Segment Start: Collected material

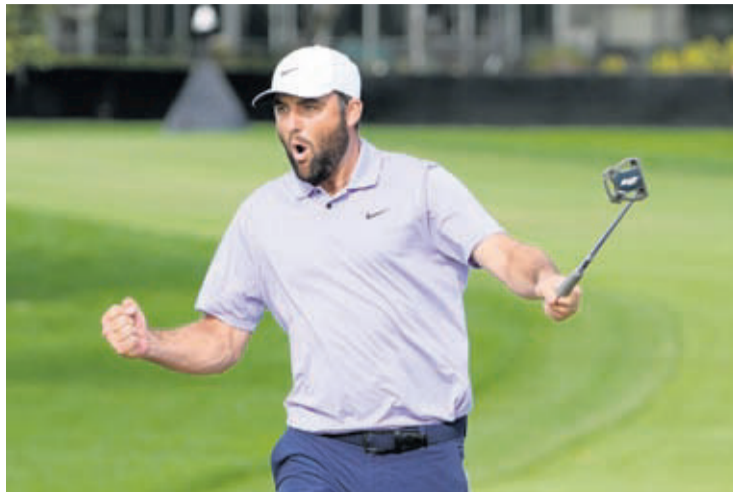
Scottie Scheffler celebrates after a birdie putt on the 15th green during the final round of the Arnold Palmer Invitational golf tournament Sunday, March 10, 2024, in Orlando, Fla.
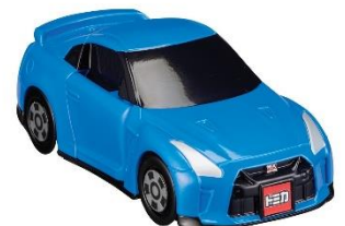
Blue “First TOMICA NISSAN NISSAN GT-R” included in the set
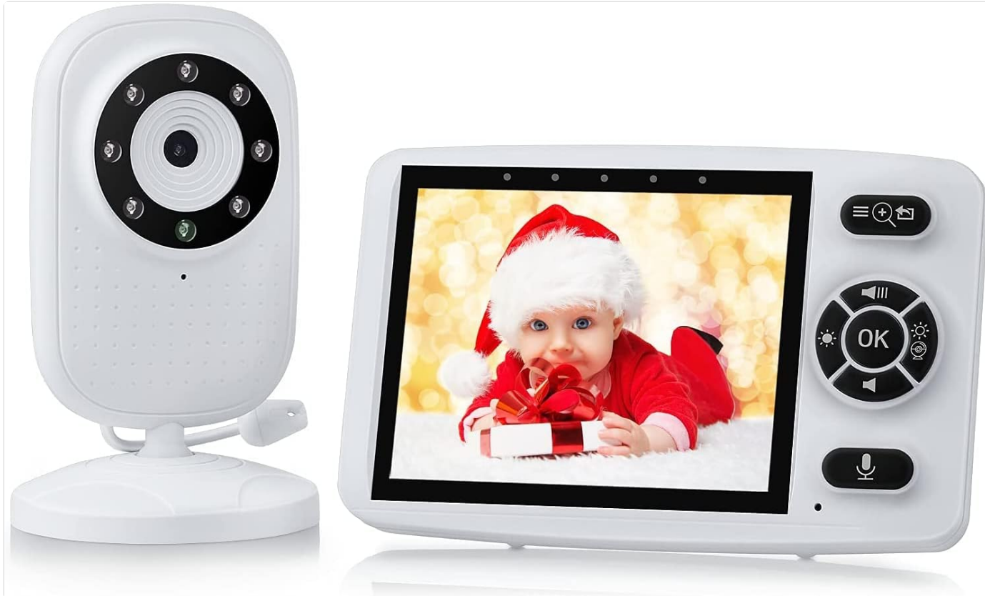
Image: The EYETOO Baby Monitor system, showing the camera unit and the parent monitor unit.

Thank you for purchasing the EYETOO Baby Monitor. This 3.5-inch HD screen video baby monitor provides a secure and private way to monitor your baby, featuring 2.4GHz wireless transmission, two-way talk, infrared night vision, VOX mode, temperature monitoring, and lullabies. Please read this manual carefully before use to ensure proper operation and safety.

Segment End: Collected material

* What needs to be done: Respond with the exact lines above running from the one containing "included in the set" to the one containing "Image: The EYETOO", both ends kept and no pictures included.

* Response area:
Blue “First TOMICA NISSAN NISSAN GT-R” included in the set
Image: The EYETOO Baby Monitor system, showing the camera unit and the parent monitor unit.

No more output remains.